AvelinLabs Overview
AvelinLabs is an API-first labor-market and occupation intelligence service.
Its current public beta helps applications classify noisy job titles and descriptions, extract skill evidence, return ranked occupation matches, and route results with confidence, uncertainty, trust, ambiguity, weak-signal, and review signals.
The concrete outcome is structured, O*NET 30.3-grounded JSON that products can evaluate, display, route, and automate.
Core Problem
Section titled “Core Problem”Job data is noisy. Titles are inconsistent, descriptions are incomplete, and generic AI systems can invent labels that do not map cleanly to a workforce taxonomy.
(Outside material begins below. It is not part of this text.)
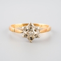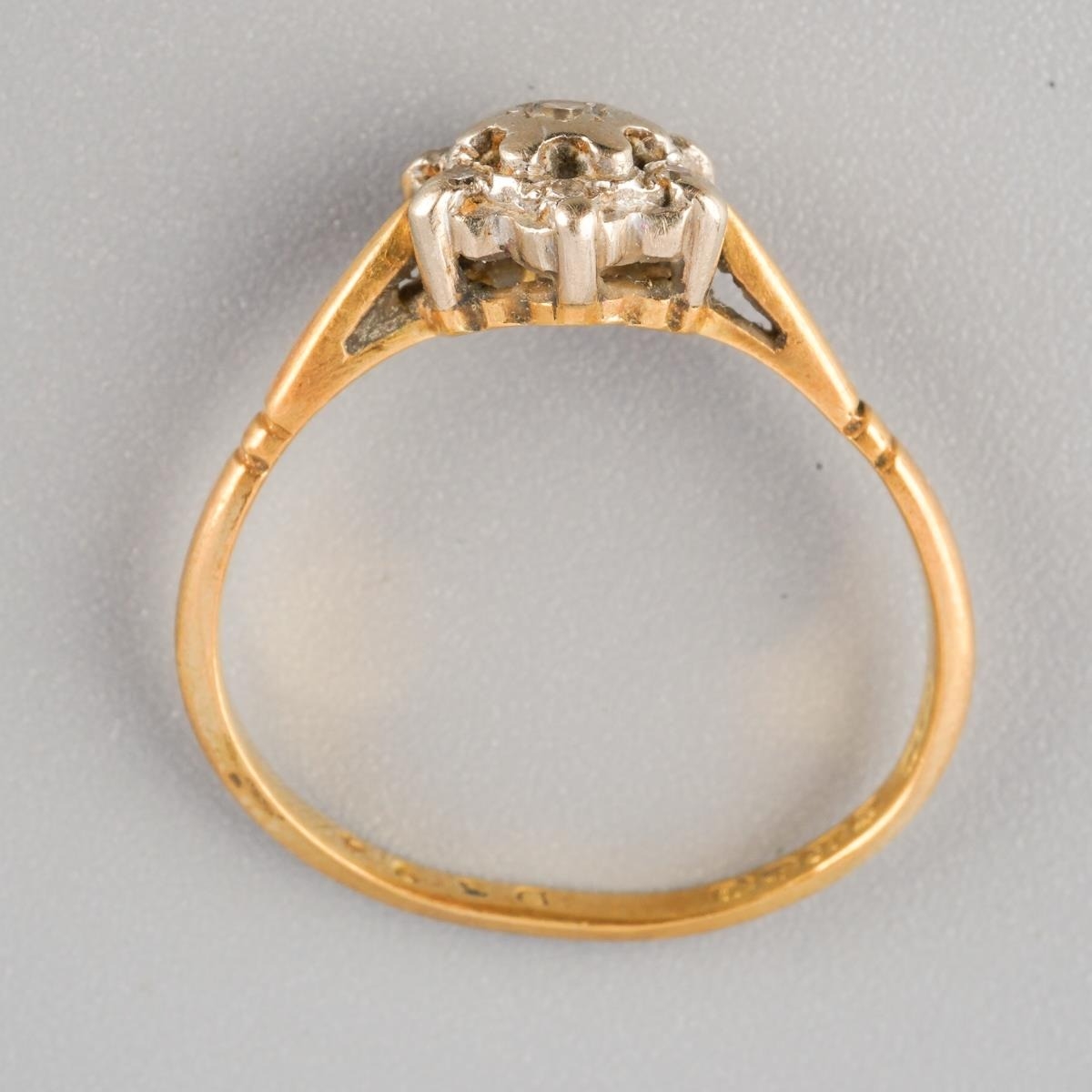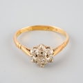 An 18ct gold diamond cluster ring. Hallmarked 18ct gold, approx ring size I (shank bent out of shape), approx gross weight 2.3 grams.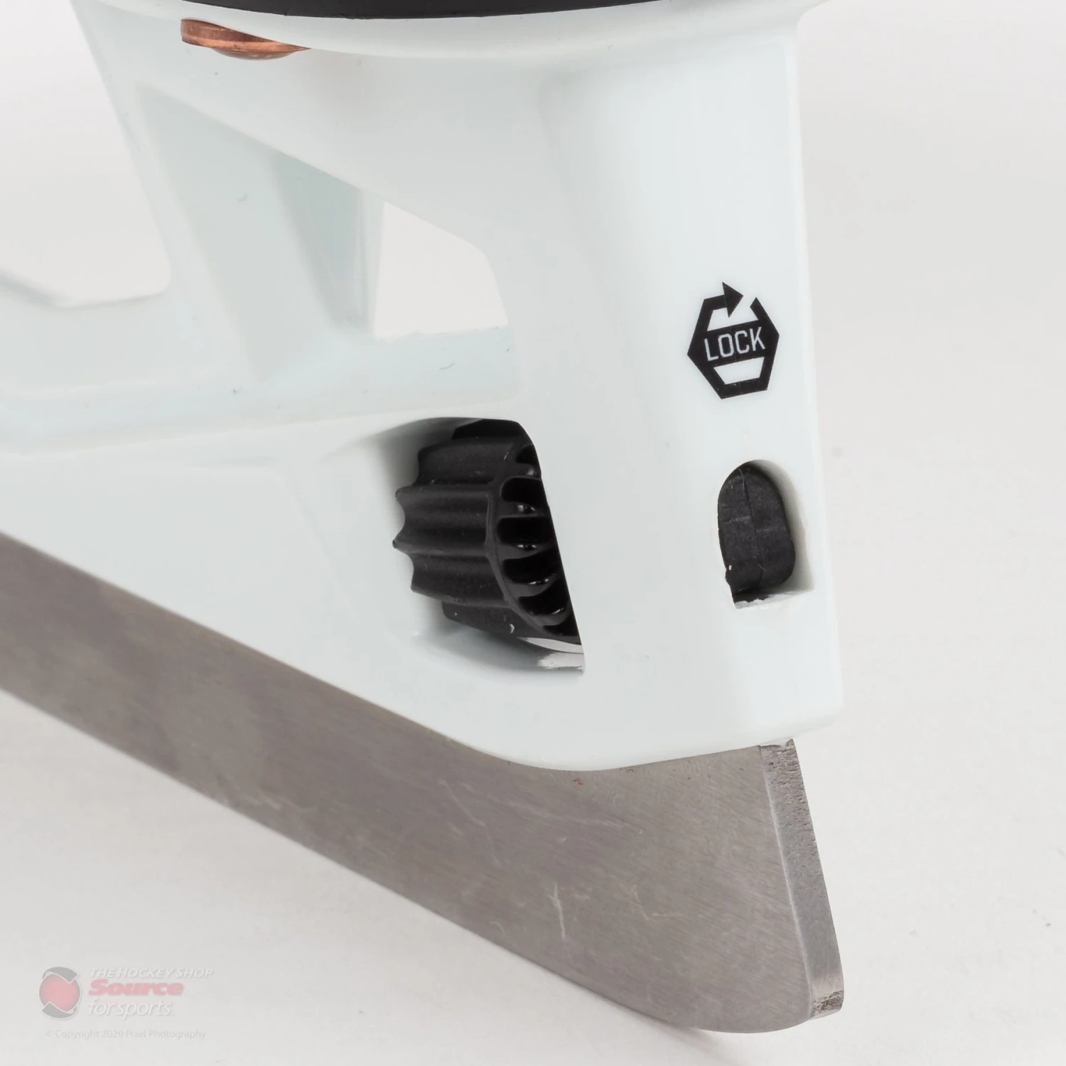 The holder on the CCM 9370 Goal Skates is the CCM Speedblade XSG holder featuring a new quick release dial blade lock system allowing goalies easy switching of blades whether its before a game or in between periods.

AvelinLabs is designed for products that need standardized occupation and skill signals from imperfect job input, including workforce intelligence products, HR tech platforms, ATS and job-matching products, labor-market dashboards, job and career platforms, and data enrichment workflows.
Decision-Layer Concept
Section titled “Decision-Layer Concept”The underlying Avelin concept is a decision layer: a service that sits between raw inputs and the applications that need to act on them. Instead of returning unstructured text, it returns structured evidence such as scores, ranked matches, confidence fields, decision labels, and explanations.
Current Domain
Section titled “Current Domain”The first documented AvelinLabs domain is U.S. labor market intelligence. In this domain, the API helps applications work with:
- job titles and descriptions
- real job-market and location signals
- extracted skill signals
- O*NET 30.3-grounded occupation, essential skill, transferable skill, software-skill, and related-occupation context
- ranked occupation matches
- confidence, uncertainty, and review signals
This focus does not limit the broader decision-layer concept. It defines the current public beta scope.
What AvelinLabs Returns
Section titled “What AvelinLabs Returns”AvelinLabs outputs are designed for applications, dashboards, and workflows that need machine-readable decisions. Depending on the API area, outputs may include:
- ranked options or classifications
- normalized skill evidence
- occupation metadata and related occupations
- confidence and trust fields
- uncertainty and ambiguity signals
- quality and explanation fields
- decision labels for routing results into review or automation
Beta Positioning
Section titled “Beta Positioning”AvelinLabs is in beta / early access. Public API surfaces and examples may evolve, but the current documentation describes the beta capabilities that external developers can evaluate today. Weak, vague, or noisy inputs should be treated as low-confidence decision-support cases rather than certain classifications.